Moody's assigns A3 Ratings to Emaar Properties

Published July 10th, 2007 - 09:22 GMT
Al Bawaba
Al Bawaba

Moody's Investors Service has assigned long-term foreign and local currency ratings of A3 to Emaar Properties PJSC ("Emaar"), the Dubai-based property developer. The outlook of the ratings is stable. This is the first time that Moody's has assigned ratings to Emaar.

 

"Emaar's ratings are underpinned by the group's solid operational track record as Dubai's most established property company, as well as the good cash generation and low leverage that currently characterise its financial profile", says Philipp Lotter, Dubai/DIFC based Vice President -- Senior Credit Officer and lead analyst for Emaar. "However, ratings also incorporate the potential softening of the Dubai property market, to which Emaar is heavily exposed despite growing international expansion", Lotter adds.

 

Emaar's A3 ratings reflect the group's intrinsic credit strength and the additional enhancement that can be derived from the financial strength of the Emirate of Dubai, which currently owns a 32% stake in the company, which is likely to grow to over 50% following a recent share-for-land transaction with Dubai Holding. Accordingly, Moody's views Emaar as a government-related issuer (GRI) and determines its rating in line with its methodology for such issuers.

 

Emaar's ratings reflect its leading position in the Dubai residential market, strong financial profile and conservative risk-management policy as well as the institutional support it benefits from, albeit mitigated by the cyclical nature of the homebuilding industry, the group's medium scale, large exposure to a single economy and ambitious expansion strategy.

 

Ratings are supported by its strong brand name and position as a leading developer in the Dubai residential market, where it holds a market share of over 20%. Furthermore, ratings factor in Emaar's conservative capital structure, thus resulting in robust interest cover and strong liquidity.
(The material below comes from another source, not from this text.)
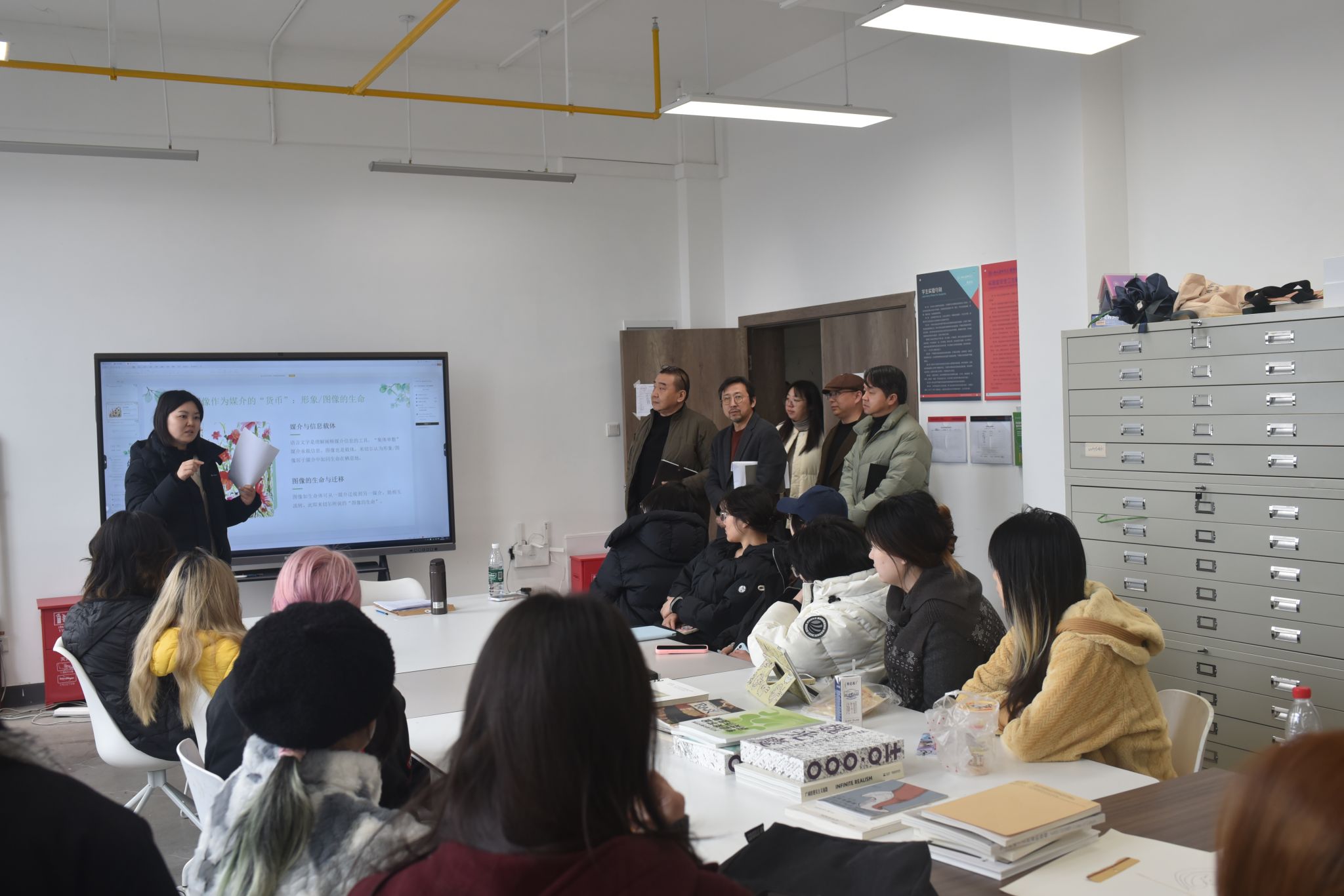 检查组一行先后走访跨媒体艺术系、实验绘画系的专业教室、数字影像实验室、综合材料工作室,实地查看教学设备调试、课程大纲准备、教学环境布置等情况。在COS—J 跨媒介艺术实验教学平台,张炼副校长详细了解平台的技术更新与教学应用,在社群美育实验室,检查组观摩了学生社会实践项目的前期筹备,针对实验绘画系的综合材料课程准备,张炼副校长指出:“实验艺术的核心在于创新,要持续优化课程内容,让学生在传统与当代的碰撞中探索艺术边界。”

The group's credit quality is also supported by its conservative risk-control guidelines aimed at ensuring that the amount of speculative development remains limited. This is achieved by (i) pre-selling most projects, (ii) collecting progress payments against stages of completion and (iii) phasing out the development programmes. Finally, Emaar's business model benefits from a fairly high level of direct or indirect institutional support both in Dubai and abroad, given its important role in host governments' and local authorities' strategies to develop a high-quality residential property supply.

 

Ratings however are constrained by the cyclical nature of the property industry, and the company's exposure to Dubai's property market, where 85% of Emaar's 2006 EBITDA was generated, although greater geographical diversification could prove to be a mitigant over time. Moody's notes that Dubai's housing demand is driven by non-UAE nationals, who account for over 80% of the total population and whose presence in the country results from the performance of the overall economy. Emaar's ratings also reflect its ambitious international expansion strategy which will absorbsignificant management resources and entails material project and execution risk.

 

Emaar's rating outlook is stable, reflecting Moody's view that, despite rising investments, the group will maintain a strong financial profile. Moody's has factored some financial flexibility into the rating but would expect Emaar's net debt to capital not to materially exceed 25%, in line with the group's internal target.

 

Moody's also notes Emaar's relatively high level of debt located at the subsidiaries, mostly owing to the debt raised by WL Homes, a US company it acquired in 2006, on a secured basis. At present, the rating agency has however refrained from notching any senior unsecured debt for either structural or legal subordination given the sovereign support assumption embedded within the rating, which benefits in priority the creditors located at the parent company level.

 

Whilst Emaar's fundamental credit quality is commensurate with a baseline credit assessment of 11 (on a scale from 1 to 21), credit uplift to A3 is achieved by the high sovereign support that Moody's factors into Emaar's ratings. This view is underpinned by (i) the high reputational risk for the government of Dubai of Emaar defaulting on public obligations given its status as Dubai's flagship property company and (ii) Emaar's strategic importance owing to its position at the forefront of the government's economic strategy to develop the Emirate into a regional hub for financial services, IT, tourism and trade. Given the high tolerance for state support in the UAE, Moody's believes that the government of Dubai would likely provide direct and indirect support to the group to avert a default on its financial obligations. Moody's support assumption reflects the view that the government of Dubai will retain a material interest in Emaar going forward, and indeed is supported by the recent announcement to provide additional land to Emaar in exchange for a stake in the company by Dubai Holding, which is owned by Dubai's Ruler, Sheikh Mohammed bin Rashid Al Maktoum.

 

Moody's also factors high dependence between Emaar and the sovereign into its ratings, although Dubai's revenues are relatively independent of the housing market and the likelihood that, in line with its strategy, Emaar will seek to expand its activities outside the UAE.

 

Based in Dubai, United Arab Emirates (UAE), Emaar Properties PJSC ranks as the largest developer of condominiums and villas in Dubai with an estimated market share of around 22%. The company's main shareholder is the government of Dubai, with a 32% stake. In 2006, Emaar generated revenues of USD3.8 billion.